Thursday, October 04, 2007

Let Me Talk My S@#% Again Part 2

I'm sure this is a moot point to you that have been used to his on-air lunacy, but Bill O'Reilly might have truly lost his mind...

From carpetbaggerreport.com:

At a minimum, I can’t help but think Bill O’Reilly needs to get out more. He explained the other day, on the air, that he and Al Sharpton had dinner together in Harlem, and O’Reilly was amazed by what he found. Regrettably, he wasn’t talking about the food.

“[W]e went to Sylvia’s, a very famous restaurant in Harlem. I had a great time, and all the people up there are tremendously respectful. They all watch The Factor. You know, when Sharpton and I walked in, it was like a big commotion and everything, but everybody was very nice.

“And I couldn’t get over the fact that there was no difference between Sylvia’s restaurant and any other restaurant in New York City. I mean, it was exactly the same, even though it’s run by blacks, primarily black patronship.
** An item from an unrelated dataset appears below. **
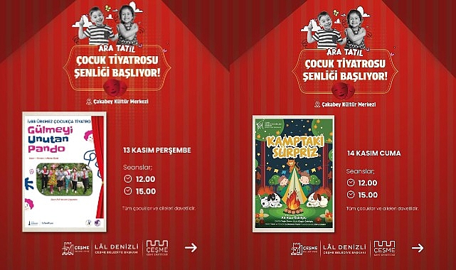 Çeşme Belediyesi, çocuklara eğlenceli ve öğretici bir ara tatil yaşatmak için dopdolu bir tiyatro şenliği düzenliyor.12–16 Kasım tarihleri arasında Çakabey Kültür Merkezi’nde gerçekleşecek “Ara Tatil Çocuk Tiyatrosu Şenliği”, birbirinden renkli oyunlarla minik izleyicileri sahne büyüsüyle buluşturacak.Çeşme Kent Enstitüsü ile düzenlenen şenlikte her gün iki seans (12.00 ve 15.00) hâlinde ücretsiz tiyatro gösterimleri yapılacak. Etkinlikler, çocukların hem keyifli vakit geçirmesini hem de sanata olan ilgilerini geliştirmesini hedefliyor.Çeşme Belediye Başkanı Lâl Denizli, şenlik vesilesiyle yaptığı açıklamada, çocukların sanatla erken yaşta buluşmasının önemine dikkat çekti:“Çocuklarımızın yalnızca eğlendiği değil, düşündüğü, paylaştığı ve üretkenliğini ortaya koyduğu etkinlikler düzenlemek bizim için çok değerli. Ara tatil döneminde tiyatroyla buluşan her çocuk, hayal gücünün sınırlarını genişletiyor. Biz Çeşme’de sanatla büyüyen, özgüvenli ve mutlu nesiller için çalışıyoruz.”Festival Programı12 Kasım ÇarşambaOyun: Yağmuru Sevmeyen Çocuk

On the same program, O’Reilly was describing his experience to NPR’s Juan Williams. “There wasn’t one person in Sylvia’s who was screaming, ‘M-Fer, I want more iced tea,’” O’Reilly said, adding, “You know, I mean, everybody was — it was like going into an Italian restaurant in an all-white suburb in the sense of people were sitting there, and they were ordering and having fun. And there wasn’t any kind of craziness at all.”

It might not have been quite so offensive if O’Reilly didn’t sound so surprised.

What did O’Reilly expect to find in Harlem? Why does he assume that white people at a suburban Italian restaurant are civilized, but black people in Harlem may be prone to “craziness”?

Put it this way — if O’Reilly had gone to an all-white restaurant, would he have found it worth noting on the air that none of the patrons were screaming, “M-Fer, I want more iced tea”? I suspect not. Call it a hunch.

There’s also the broader context. If O’Reilly had never uttered racially insensitive remarks on the air before, one might be more inclined to find a more forgiving interpretation of these remarks. But Media Matters noted some of the Fox News blowhard’s recent tirades on race.

* On the June 7 edition of The O’Reilly Factor, O’Reilly said of Edwin Roy Hall — the man charged with murdering 18-year-old Kelsey Smith after abducting her from the parking lot of a Target store in Overland Park, Kansas: “[T]his guy who is charged has a child and a wife. You know, he’s like white-bread guy. And we’re all going, ‘What is that?’ ”

* On the August 16, 2006, edition of The O’Reilly Factor, O’Reilly argued extensively for “profiling of Muslims” at airports, arguing that detaining all “Muslims between the ages of 16 and 45″ for questioning “isn’t racial profiling,” but “criminal profiling.”

* During the April 12, 2006, broadcast of The Radio Factor, O’Reilly claimed that on the April 11 edition of The O’Reilly Factor, guest Charles Barron, a New York City councilman, had revealed the “hidden agenda” behind the current immigration debate, which, O’Reilly said, was “to wipe out ‘white privilege’ and to have the browning of America.” O’Reilly suggested that this “hidden agenda” included plans to let “people who live in the Caribbean, people who live in Africa and Asia … walk in and become citizens immediately.”

* In a February 27, 2006, conversation with a caller about the disproportionately few jobs and contracts that have gone to locals in the rebuilding of New Orleans, O’Reilly said: “[T]he homies, you know … I mean, they’re just not going to get the job.”
* On the September 13, 2005, broadcast of The Radio Factor, O’Reilly claimed that “many of the poor in New Orleans” did not evacuate the city before Hurricane Katrina because “[t]hey were drug-addicted” and “weren’t going to get turned off from their source.” O’Reilly added, “They were thugs.”